28 Eylül 2010

İSABELLA ÜZÜMÜ SEFERİHİSAR'DA

Halk arasında daha çok muhacir üzümü denilen İsabella üzümü
melez bir türdür.
Posted by Picasaİsabella ya da izabella ( Vitis labrusca ), yurdumuzda Sinop ile Artvin arasında daha çok ağaçlara sarılı olarak  yetişen, siyah renkli ve kokulu bir üzüm türüdür.  Halk arasında  muhacir üzümü ( Ondokuzuncu yüzyılda Batum muhacirleri tarafından Türkiye'ye  getirildiği için ), kokulu üzüm,  çilek üzümü, favli üzümü....gibi, yörelerde  değişik  adlarla tanınmaktadır.

Mantarı hastalıklara karşı dayanıklı olduğu için, kimyasal ilaç kullanılmadan yetişebilmektedir. Bu nedenle tamamen organikdir. Çoğu zaman taneleri ayni zamanda kararmaz. 'Üzüm üzüme baka baka  kararır' sözü tam bu üzüz için söylenmiş olmalı. Tam olarak olgunlaştığında, buğulu siyah renkli olmaktadır.  Eylül ayından itibaren yenmeye  başlar, güzel kokulu, çekirdekli ve kalın kabukludur. Tadı çileği andırdığı için 'çilek üzümü' de denir.

Melez bir türdür ( Vitis labrusca ile Vitis vinifera türlerinin melezidir. ).

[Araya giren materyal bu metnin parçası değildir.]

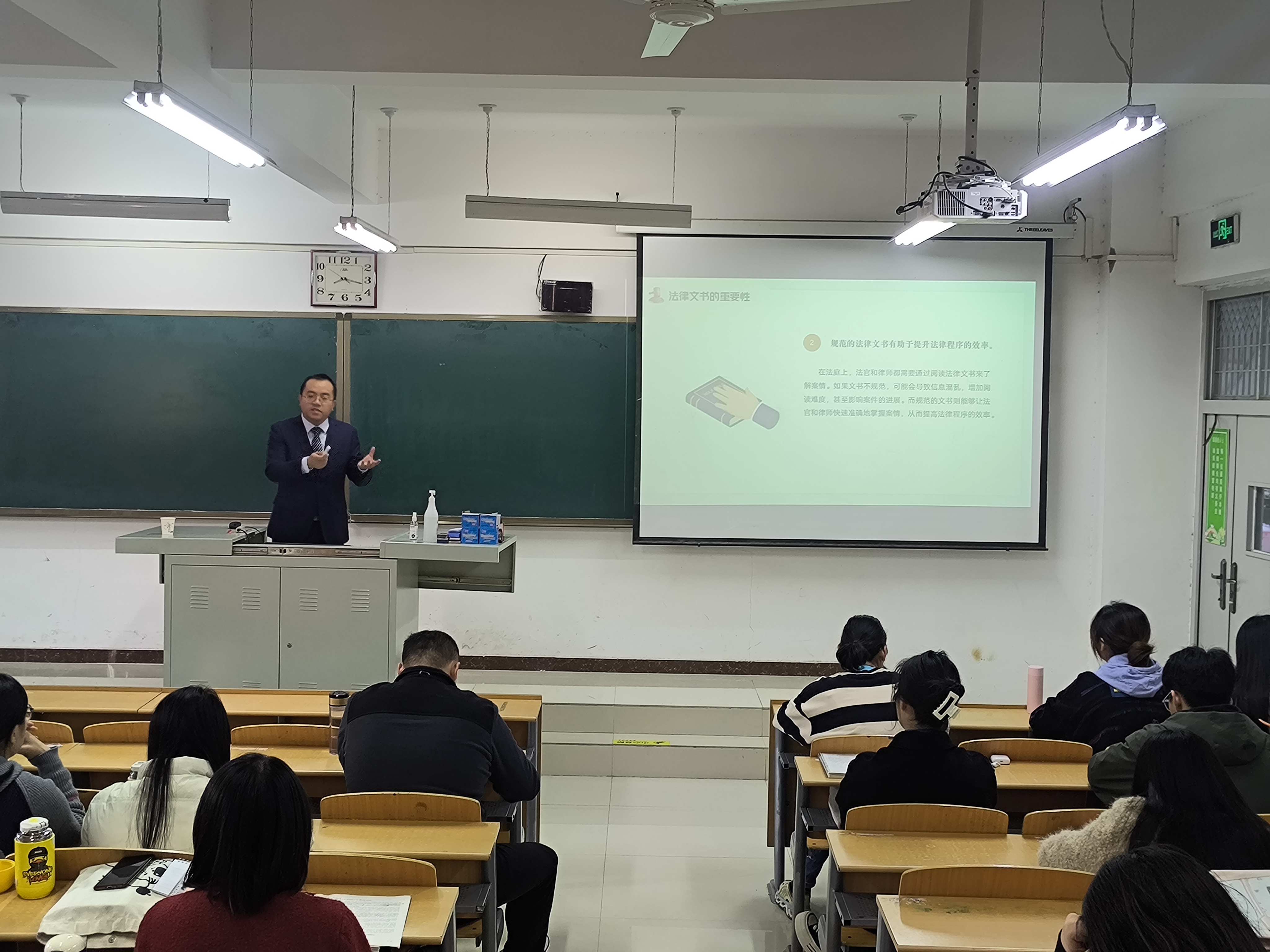 法政学部举行“双师同育,赋能增长”律师进课堂系列活动第四讲-缩小 放大+ 2024-11-0611月5日上午,法政学部邀请到河北冀华律师事务所高级合伙人钱程律师,为2022级法学专业的同学们带来了一场以“法律文书写作”为主题的讲座。 在讲座中,钱程律师从法律文书的重要性、如何写好法律文书以及法律案例分析三个方面对法律文书写作相关问题进行了深入解读。他用自己经办的案件、书写的法律文书给法学专业的同学们呈现了清晰、简洁、精准、具有很强说服力的法律文书是怎样炼成的。钱程律师特别指出法律文书的书写要注意事实和法律的结合,一份成功的法律文书要兼具“形”和“神”,作为法学生要不断提升对法律的敏感度,勤于思考,不断积累。 通过这次讲座,同学们进一步认识到法律文书对于法律程序的重要意义,纷纷表示以后要学好法律专业知识,提升文字能力,不断提高法律文书写作水平,为将来从事法律职业打下坚实的基础。
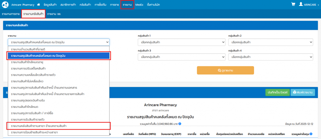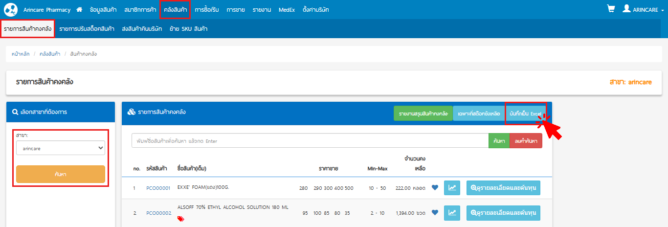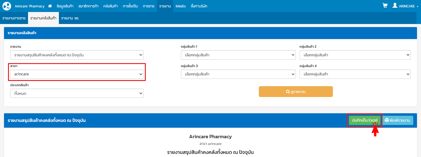 หัวข้อ ‘รายงาน’ > รายงานคลังสินค้า > เลือก รายงานที่ต้องการ > เลือก สาขา > กดปุ่ม ‘บันทึกเป็น Excel’
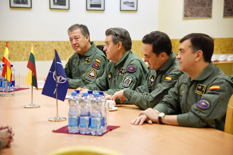 Vakar Lietuvos kariuomenės Karinių oro pajėgų (KOP) Aviacijos bazėje Šiauliuose Ispanijos KOP vadas generolas Francisco Javieras Garcia Arnaizas su delegacija aplankė NATO oro policijos misiją vykdančius Ispanijos karius.
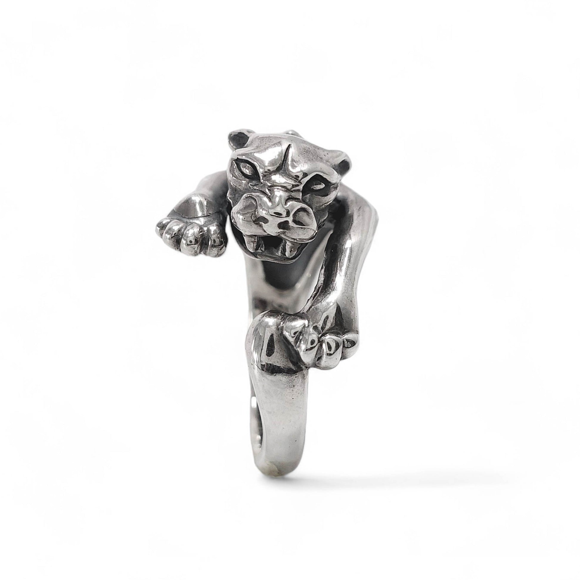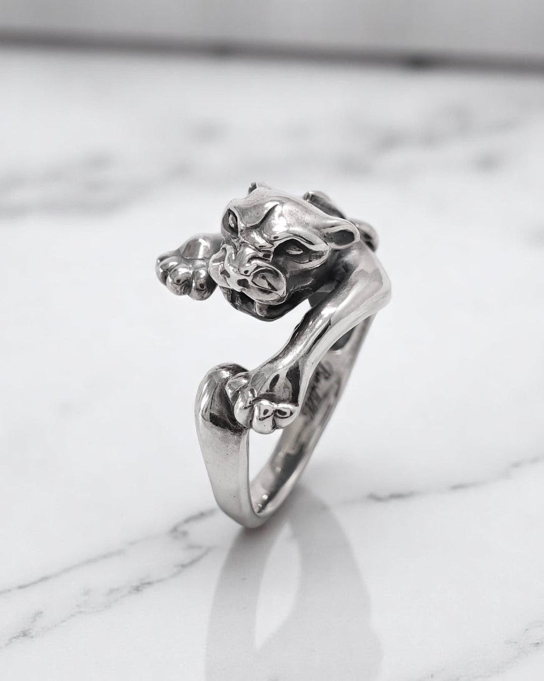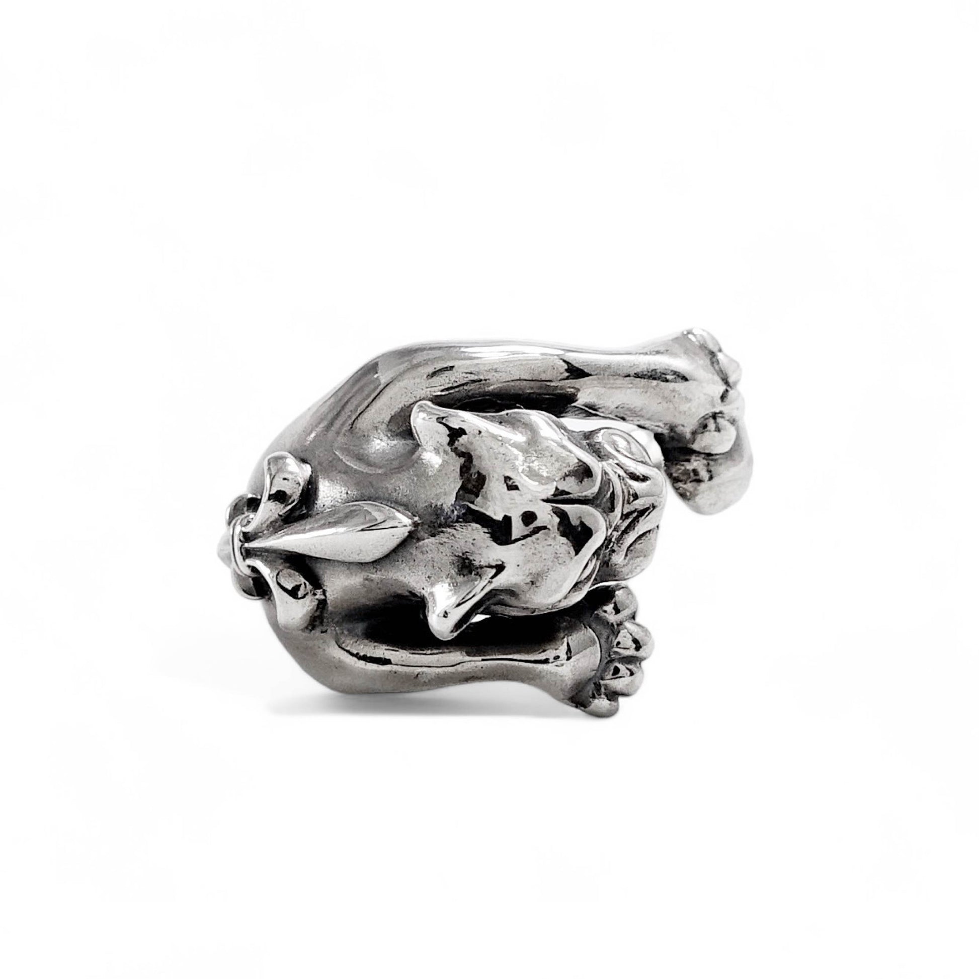 獲物を狙うかのような迫力ある造形で、指にしなやかに巻き付くその姿は、まさに野性とエレガンスが融合されたデザインです。 力強い前脚と鋭い眼差しが、内に秘めた意志と自信を表現しています。 一見ワイルドながら、パンサーの背にはフランス王家を象徴するユリの紋章が刻まれ、バスティーユらしいゴシックな気品を添えています。 ユニセックスなデザインで、ファッションのアクセントとしても圧倒的な存在感を放ちます。

Değişik bir aroması ve yetişme şekli vardır. Daha çok ağaçlara sardırılarak yetiştirilir. Bunun için çoğu zaman, Doğu Karadeniz bölgesinde  yaygın  olan kızıl ağaçlardan  ( yaykın ) yararlanılır.  Sofralık olarak tüketildiği gibi pekmez, nardek ve samaksa ( Giresun'a özgü bir tatlı olup pekmez / yaş üzüm ve mısır unundan yapılır.) yapılarak da değerlendirilmektedir.
Kurtuluş savaşından sonra; Ermeni ve Rum ahalinin bölgeyi terk etmesiyle, şarap yerine daha çok   pekmez yapılarak değerlendirilmeye  başlanmıştır.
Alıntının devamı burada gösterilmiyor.